[DATASET CONTENT]

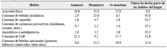 Frente al consumo de sustancias psicoactivas como alcohol, cigarrillo, otras (marihuana, cocaína) fueron más los hogares que disminuyeron el hábito durante el confinamiento. Con respecto a las bebidas gaseosas, la disminución de su ingesta fue superior que en la de aquellos que la aumentaron. El café, fue una bebida cuyo consumo aumentó en los hogares, en comparación de aquellos que lo disminuyeron y aunque en menor proporción, este comportamiento fue similar con las sustancias ansiolíticas.
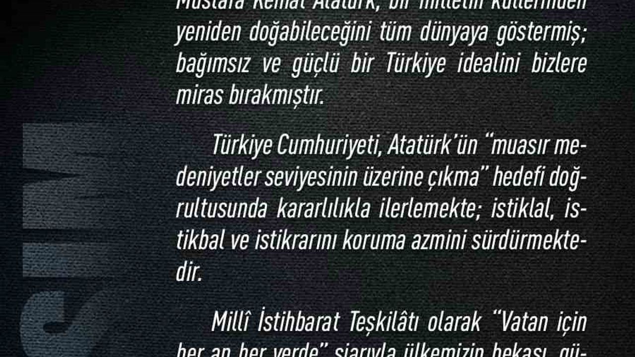 "Cumhuriyetimizin bânisi Gazi Mustafa Kemal Atatürk’ü, ebediyete irtihalinin 87. yıl dönümünde saygı ve rahmetle anıyorum. Aziz milletimizin asil ruhunu ve birlik azmini temsil eden Millî Mücadelenin Başkomutanı Gazi Mustafa Kemal Atatürk, bir milletin küllerinden yeniden doğabileceğini tüm dünyaya göstermiş; bağımsız ve güçlü bir Türkiye idealini bizlere miras bırakmıştır. Türkiye Cumhuriyeti, Atatürk’ün ‘muasır medeniyetler seviyesinin üzerine çıkma’ hedefi doğrultusunda kararlılıkla ilerlemekte; istiklal, istikbal ve istikrarını koruma azmini sürdürmektedir. Millî İstihbarat Teşkilâtı olarak ‘Vatan için her an her yerde’ şiarıyla ülkemizin bekası, güvenliği ve huzuru için azim ve gayretle çalışmayı sürdürüyoruz. Bu vesileyle Gazi Mustafa Kemal Atatürk’ü ve tüm silah arkadaşlarını ve vatan uğruna can veren tüm şehitlerimizi rahmet, hürmet ve şükranla yâd ediyorum."
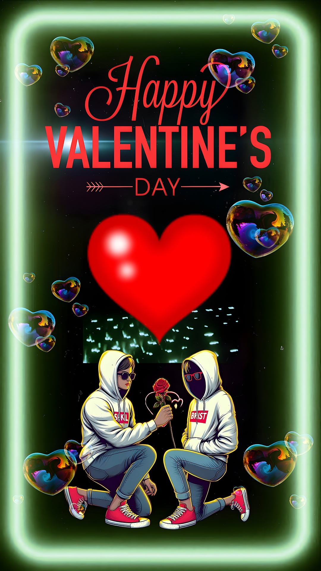 Celebrate the spirit of love with this captivating Happy Valentine's Day Romantic Art wallpaper, designed to evoke warmth and affection. The image features two stylized figures wearing white hoodies and red sneakers, kneeling opposite each other in a tender moment. One figure offers a single red rose, symbolizing romance and heartfelt emotions. The scene is framed by a glowing neon green border that adds a modern and vibrant touch to the composition. Floating translucent heart-shaped bubbles with iridescent colors surround the couple, enhancing the dreamy and affectionate atmosphere.
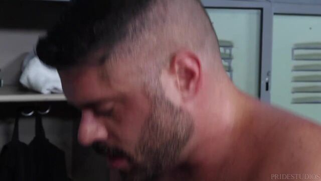 Riley Mitchel and Max Romano passionately kiss each other in the locker room. It doesn't take long for the cocks to come out and for Max to get his ass fucked!
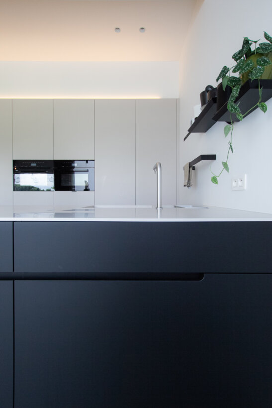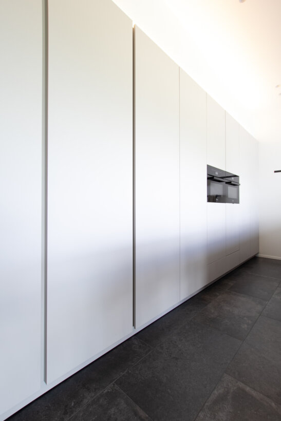 Om de wand net iets specialer te maken pasten we verticale, greeploze stijlen toe in combinatie met de -iets strakkere- push-to-open kasten rond de toestellen.
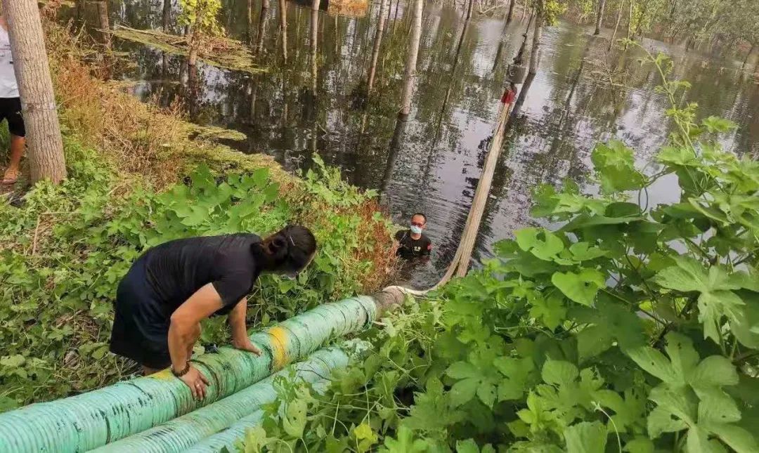 菠蘿救援隊在浚縣村莊抽水(圖源:受訪者供圖)
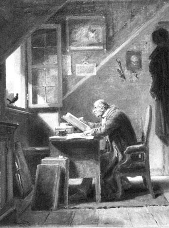 Во «внешнем» мире персонажи Шпицвега ведут суетную жизнь, ничем не примечательную, порой вовсе ничтожную а в уединении с книгой становятся отшельниками в «интеллектуальной пещере», уподобляясь философам-затворникам. И пусть скромны эти книжные святилища их служители из числа самых обыкновенных людей.
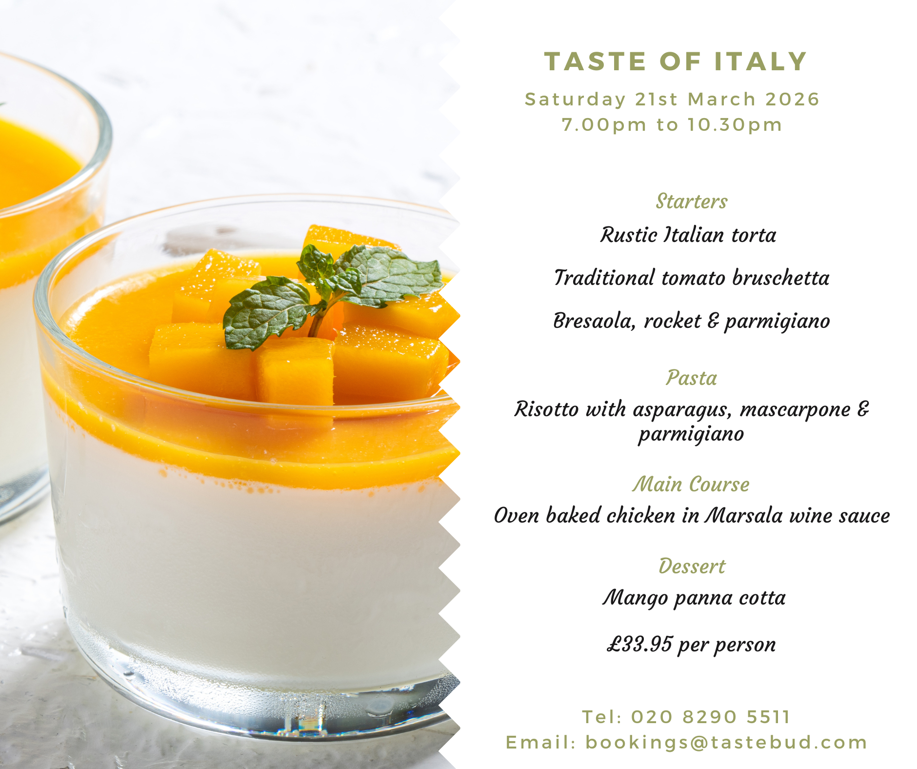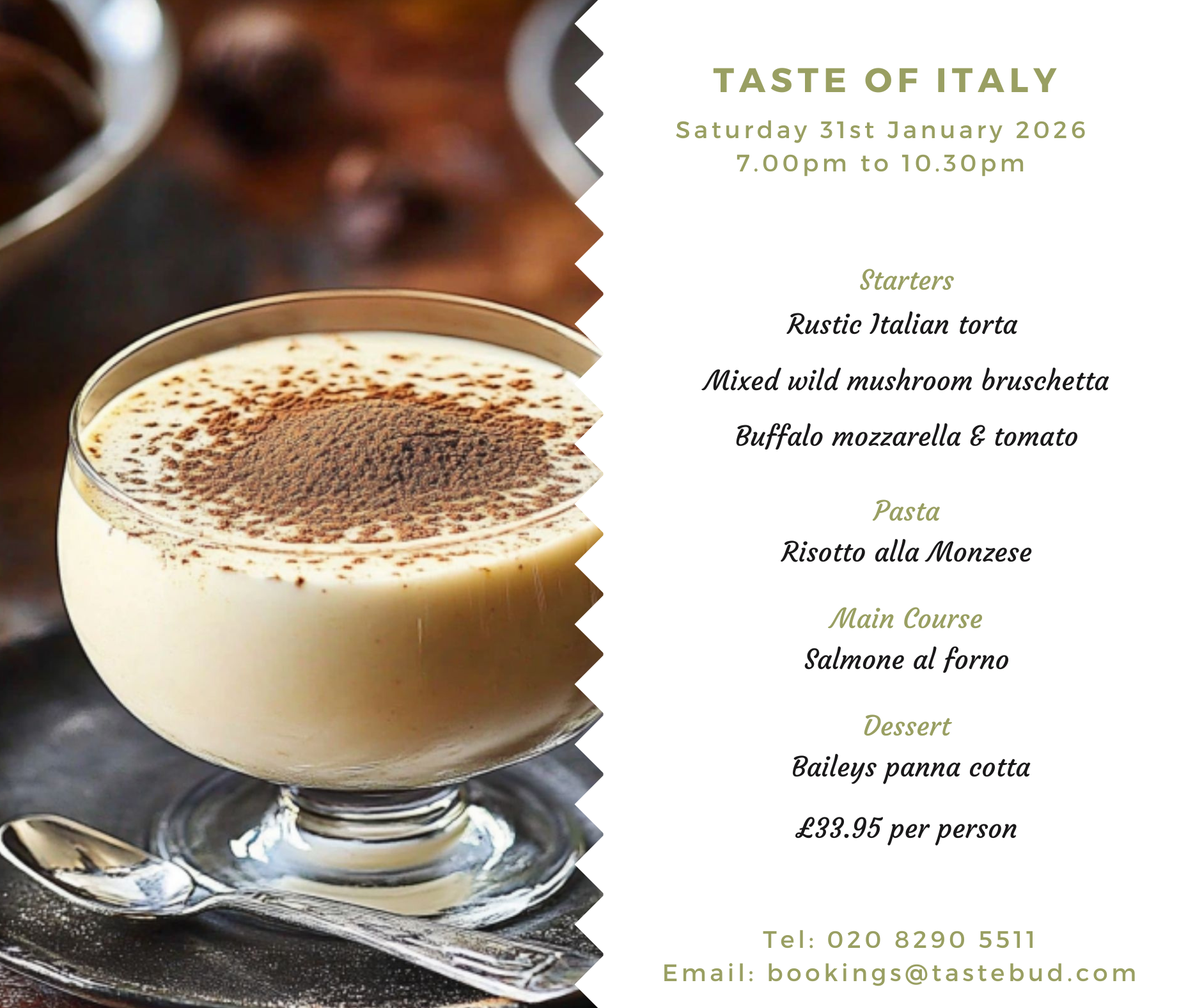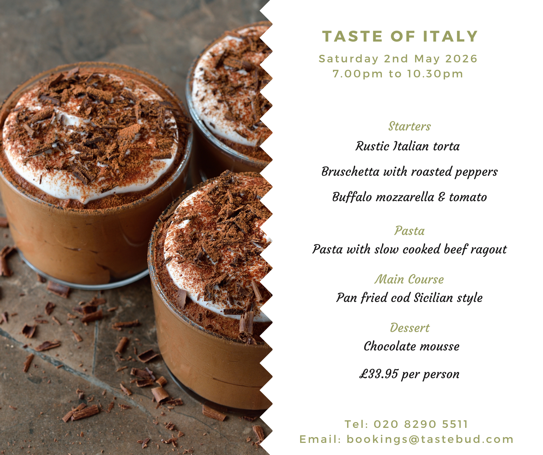 At Taste Bud, we host monthly Taste of Italy evenings, usually on the last weekend of the month, from 7pm to 10.30pm.

[/DATASET CONTENT]

▸ TASK GOAL
Set the records down again exactly as given, and leave the pictures out.

▸ EXERCISE SOLUTION
 Frente al consumo de sustancias psicoactivas como alcohol, cigarrillo, otras (marihuana, cocaína) fueron más los hogares que disminuyeron el hábito durante el confinamiento. Con respecto a las bebidas gaseosas, la disminución de su ingesta fue superior que en la de aquellos que la aumentaron. El café, fue una bebida cuyo consumo aumentó en los hogares, en comparación de aquellos que lo disminuyeron y aunque en menor proporción, este comportamiento fue similar con las sustancias ansiolíticas.
 "Cumhuriyetimizin bânisi Gazi Mustafa Kemal Atatürk’ü, ebediyete irtihalinin 87. yıl dönümünde saygı ve rahmetle anıyorum. Aziz milletimizin asil ruhunu ve birlik azmini temsil eden Millî Mücadelenin Başkomutanı Gazi Mustafa Kemal Atatürk, bir milletin küllerinden yeniden doğabileceğini tüm dünyaya göstermiş; bağımsız ve güçlü bir Türkiye idealini bizlere miras bırakmıştır. Türkiye Cumhuriyeti, Atatürk’ün ‘muasır medeniyetler seviyesinin üzerine çıkma’ hedefi doğrultusunda kararlılıkla ilerlemekte; istiklal, istikbal ve istikrarını koruma azmini sürdürmektedir. Millî İstihbarat Teşkilâtı olarak ‘Vatan için her an her yerde’ şiarıyla ülkemizin bekası, güvenliği ve huzuru için azim ve gayretle çalışmayı sürdürüyoruz. Bu vesileyle Gazi Mustafa Kemal Atatürk’ü ve tüm silah arkadaşlarını ve vatan uğruna can veren tüm şehitlerimizi rahmet, hürmet ve şükranla yâd ediyorum."
 Celebrate the spirit of love with this captivating Happy Valentine's Day Romantic Art wallpaper, designed to evoke warmth and affection. The image features two stylized figures wearing white hoodies and red sneakers, kneeling opposite each other in a tender moment. One figure offers a single red rose, symbolizing romance and heartfelt emotions. The scene is framed by a glowing neon green border that adds a modern and vibrant touch to the composition. Floating translucent heart-shaped bubbles with iridescent colors surround the couple, enhancing the dreamy and affectionate atmosphere.
 Riley Mitchel and Max Romano passionately kiss each other in the locker room. It doesn't take long for the cocks to come out and for Max to get his ass fucked!
 Om de wand net iets specialer te maken pasten we verticale, greeploze stijlen toe in combinatie met de -iets strakkere- push-to-open kasten rond de toestellen.
 菠蘿救援隊在浚縣村莊抽水(圖源:受訪者供圖)
 Во «внешнем» мире персонажи Шпицвега ведут суетную жизнь, ничем не примечательную, порой вовсе ничтожную а в уединении с книгой становятся отшельниками в «интеллектуальной пещере», уподобляясь философам-затворникам. И пусть скромны эти книжные святилища их служители из числа самых обыкновенных людей.
 At Taste Bud, we host monthly Taste of Italy evenings, usually on the last weekend of the month, from 7pm to 10.30pm.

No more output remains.